Celeste Martin4 May 2025 | 12:19

'You can’t learn in survival mode': Why trauma-informed teaching is urgently needed in SA classrooms

Many children face trauma daily, prompting calls to train teachers in trauma-informed practices that foster safety and healing.

'You can’t learn in survival mode': Why trauma-informed teaching is urgently needed in SA classrooms

Picture: Max Fisher via pexels

CapeTalk’s Sara-Jayne Makwala King is joined by Dumisani Tshabalala, Head of Academics at Oprah Winfrey Leadership Academy for Girls (OWLAG). 

Listen to their conversation in the audio clip below.

From poverty and violence to neglect and grief, everyday children across South Africa are burdened by trauma. 

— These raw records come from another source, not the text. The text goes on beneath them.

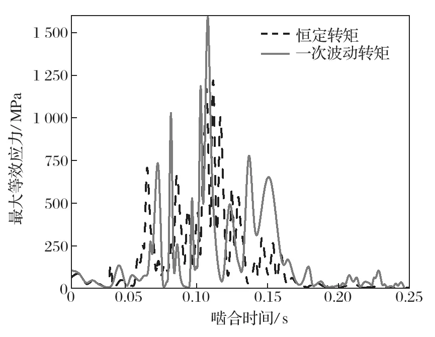 如圖12所示,一次波動轉(zhuǎn)矩的zui大等效應(yīng)力變化趨勢基本與恒定轉(zhuǎn)矩的zui大等效應(yīng)力變化趨勢一致,同樣是先增 大后減小;但是zui大等效應(yīng)力幅值變大,甚至超過了材料的屈服ji限。同時,由于一次波動轉(zhuǎn)矩的輸出,即使位于雙嚙合區(qū)時,其應(yīng)力波動相較于恒定轉(zhuǎn)矩輸出時的應(yīng)力波動也是更大。
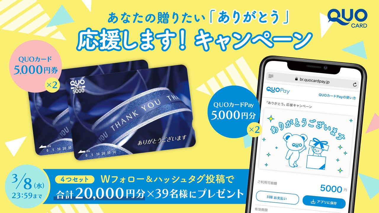 期間中、ハッシュタグ「#QUOカードでありがとうを贈る日」をつけて感謝を伝えたい相手とありがとうの気持ちをツイートすると、QUOカード10,000円分・QUOカードPay10,000円分の合計20,000円分を抽選で39名様にプレゼントします。
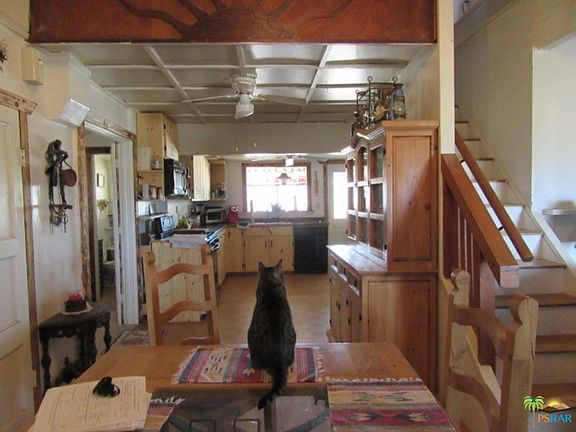 JOSHUA TREE Ranch house! This home is situated on 2 fully fenced acres. Easy access off paved road yet very private. With a little TLC this property can be spectacular. Main house features 3 bedrooms 2 baths newly updated kitchen, new cabinets, counter tops, cabinets, appliances. Large laundry room, folding area, wine refrigerator, living room with fireplace. Newly remodeled guest house with kitchen and bathroom, storage shed/tack room, water piped to back acreage if you choose to bring your horses. Just minutes to Joshua Tree National Park, Art galleries, Farmers market, Restaurants.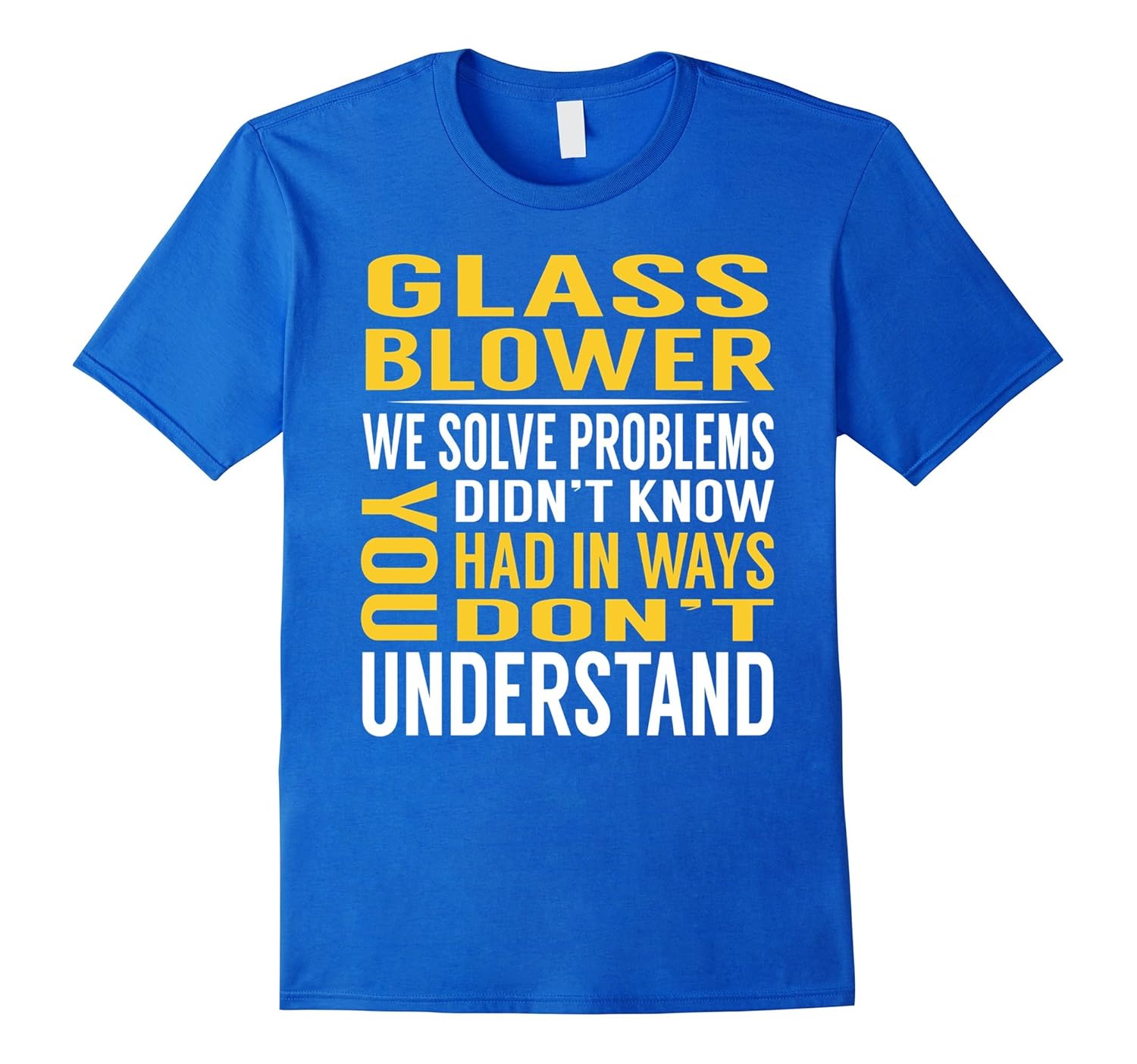 Solid colors: 100% Cotton; Heather Grey: 90% Cotton, 10% Polyester; All Other Heathers: 65% Cotton, 35% Polyester, Imported, Machine wash cold with like colors, dry low heat, Glass Blower funny apparel novelty accessories costume outfits farbic dress shirt tshirt gifts funny ideas for women men, Glass Blower We Solve Problems You Didn”t Know You Had In Ways You Don”t Understand TShirt, Great gift shirt tshirt for Glass Blower, Lightweight, Classic fit, Double-needle sleeve and bottom hem

Tshabalala recently penned an article titled: Why are we still training teachers as if trauma does not exist? wherein he stresses that a classroom should be more than a place of learning, but a space of healing.

"So in the classroom, if the stress that I'm inflicting on you as a child it's somewhat similar to what we experience at home, inevitably, the brain will shift into that survival mode and think about the things that happen at home. So as a teacher, I must be able to dose enough stress patterns that are different to what you've experienced at home or before, so that you are not thrown out of the classroom."
- Dumisani Tshabalala, Head of Academics at Oprah Winfrey Leadership Academy for Girls (OWLAG)

Tshabalala advocates for a trauma-informed approach to education, not as a luxury or afterthought but as a necessity.

He outlines a framework that the Oprah Winfrey Leadership Academy for Girls follows, known as the "6 R’s", where lessons should be:

  • Relevant to the child’s lived experience
  • Rhythmic to engage the natural resonance of the brain
  • Rewarding by fostering safe environments
  • Repetitive to reinforce key concepts
  • Relational to build trust
  • Respectful of each child’s dignity
"...as teachers, we must be able to recognise when trauma plays itself out in the classroom...When you're not focusing and something is happening in your mind, I must be seeing that the math, the English, the poetry I'm trying to teach is not happening in your brain. What's happening in your brain now, your brain is playing out the things you're experiencing at home...as teachers, we must resist re-traumatising kids. So by being harsh and not relatable, in fact, you are making kids revisit their trauma. So you must resist re-traumatising kids." 
- Dumisani Tshabalala, Head of Academics at Oprah Winfrey Leadership Academy for Girls (OWLAG)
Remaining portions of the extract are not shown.